Skewness measures the asymmetry of a dataset’s distribution. A highly skewed feature (left or right) can negatively impact models that assume a normal distribution, such as linear regression and neural networks. Skewed features can cause biased weight updates in optimization algorithms and distort relationships in models like XGBoost. Addressing skewness through log, square root, or Box-Cox transformations can improve model stability and predictive performance.

**Kurtosis**

Kurtosis measures the tailedness of a distribution—how often extreme values (outliers) occur. High kurtosis (leptokurtic) means more outliers, which can destabilize models and lead to overfitting, as the model may focus too much on rare events. Low kurtosis (platykurtic) suggests a lack of significant deviations, which can make a model less sensitive to important rare occurrences. Managing kurtosis through outlier detection and robust feature scaling helps improve model generalization and reliability.

In [0]:
import matplotlib.pyplot as plt
import seaborn as sns
import pandas as pd

#Convert PySpark DataFrame to Pandas
df_pd = df.select("yield_bbl", "temperature", "precipitation").toPandas()

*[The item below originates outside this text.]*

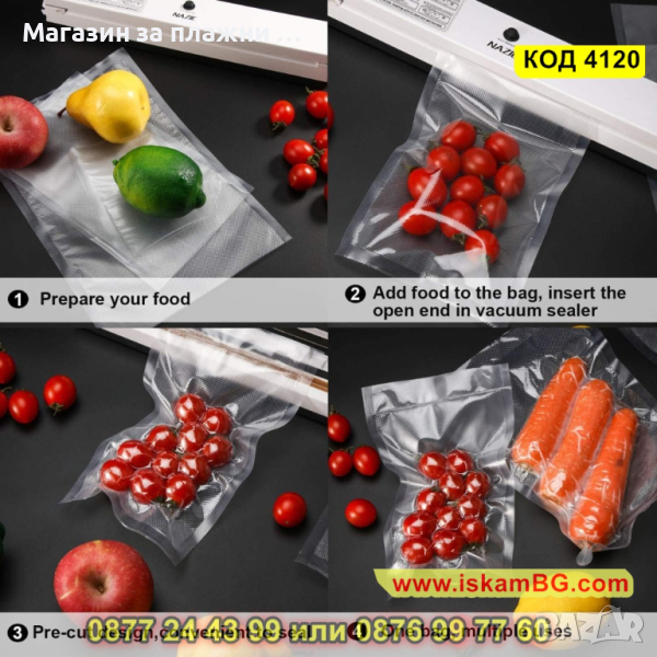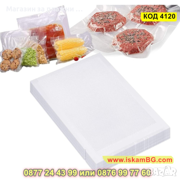 50 броя с размер 17x25cm - Пликове Торбички - гофрирани за вакуумиране - КОД 4120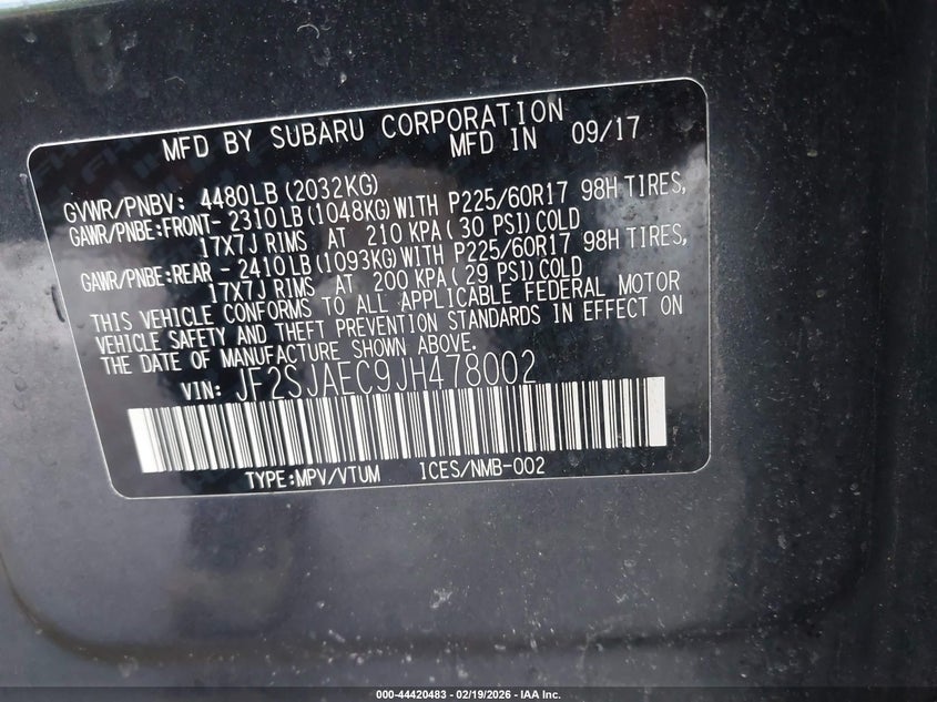 • JF2SJAEC9JH478002

#Create the KDE plot (bell curve)
plt.figure(figsize=(10, 6))

#Plot yield distribution
sns.kdeplot(df_pd["yield_bbl"], label="Yield (BBL)", color="red", linewidth=2)

#Labels and title
plt.xlabel("Value")
plt.ylabel("Density")
plt.title("Bell Curve of Yield")
plt.legend()
plt.grid(True)

#Show plot
plt.show()

In [0]:
import matplotlib.pyplot as plt
import seaborn as sns
import pandas as pd

#Convert PySpark DataFrame to Pandas
df_pd = df.select("yield_bbl", "temperature", "precipitation").toPandas()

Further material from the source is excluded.